A counsellor said the girls were used to a ``free atmosphere and a luxurious lifestyle where they ate meat, smoked, drank liquor and did not do much household work.'' In the home it was very difficult for them to adjust. ``The girls were totally brainwashed and could not imagine another way of life. Most of them said they were wary of going back to their homes as their parents had no idea they were in this profession. I had to make a lot of effort to counsel them and make them decide to return home.
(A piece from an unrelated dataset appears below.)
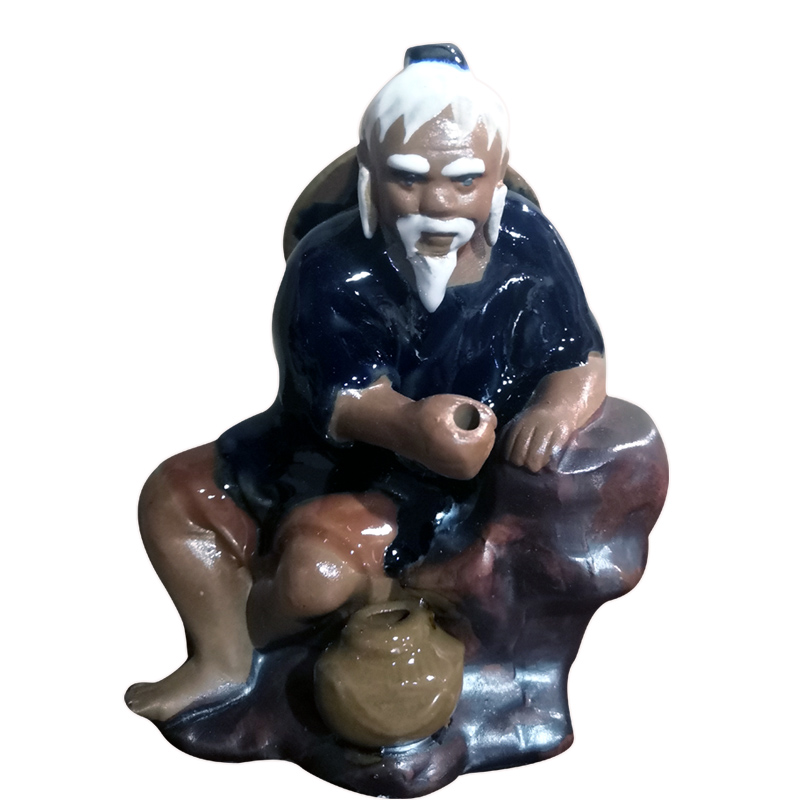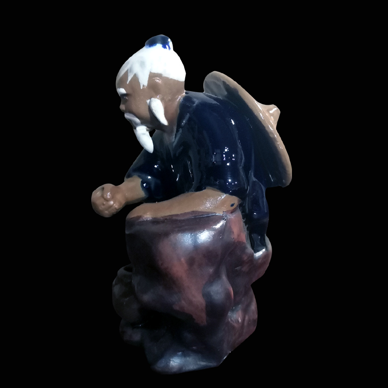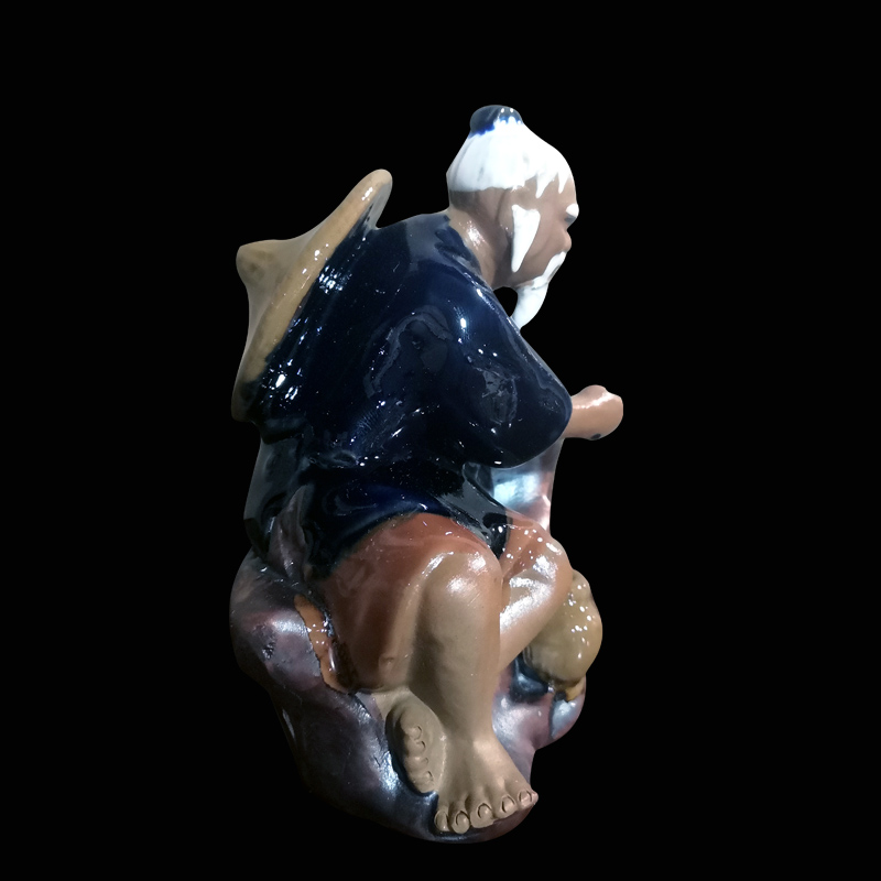 石湾公仔钓鱼家居陶瓷摆件假山山水鱼池配件鱼缸造景茶宠饰品摆设

The delay in rehabilitation efforts also increased their anxiety and fears.''
Sudha Kulkarni of the Mahila Dakshata Samiti, a women's organisation, said, ``Since the experiences of these women are very different, they cannot be treated on par with other destitutes. We have to first treat them as human beings and as victims of a gross exploitation and not as criminals. They have to be counselled and given a chance to think things over. This whole exercise is to satisfy the court. How can you put a stop to trafficking in women with such raids?'' she asked. ``If the raids have to be a regular feature, then where will the girls be housed? By locking them up under security, you are not rehabilitating them. Anyone would go mad in such a situation. If there was no scheme ready, then why conduct these raids? The police and the staff in government institutions have to be specially trained and sensitised to handle the girls.''
Ms. Preeti Patkar of Prerna, an NGO which runs a creche for children of CSWs in Kamathipura, said, ``The raids managed to create a fear among the brothel-keepers who are now wary of keeping minors. Everyone speaks of effective law implementation and police commitment but what are you going to do to ensure that the girls do not leave home? We are clearly against child prostitution but for the older women though they live in an exploitative society, there is a sense of acceptance which the outside world cannot give. We say help those who are willing to be helped.''
Ms. Chitkala Zutshi, secretary of the women and child welfare department of the Maharashtra government said, ``As far as minor girls are concerned, police raids must form part of the strategy. Other plans include spreading awareness in the areas where the girls hail from and sensitising the clients, many of whom are very young. One aspect of this exercise which is ignored is the tremendous difference that came about in the health of the women after a few months.''
She said it was difficult to stop trafficking but word has spread that raids would continue and the message was very clear. Though long-term follow up of the rescued girls was ideal, it was not possible to monitor on a case by case basis, she said. Rescuing and rehabilitating the minors will definitely make a difference, she added.
The department is proposing to revise diet scales, upgrade existing homes, build new ones with vocational training facilities and launch an awareness campaign in the media, she added. Schemes for income generation have also been started to train the girls to earn their living.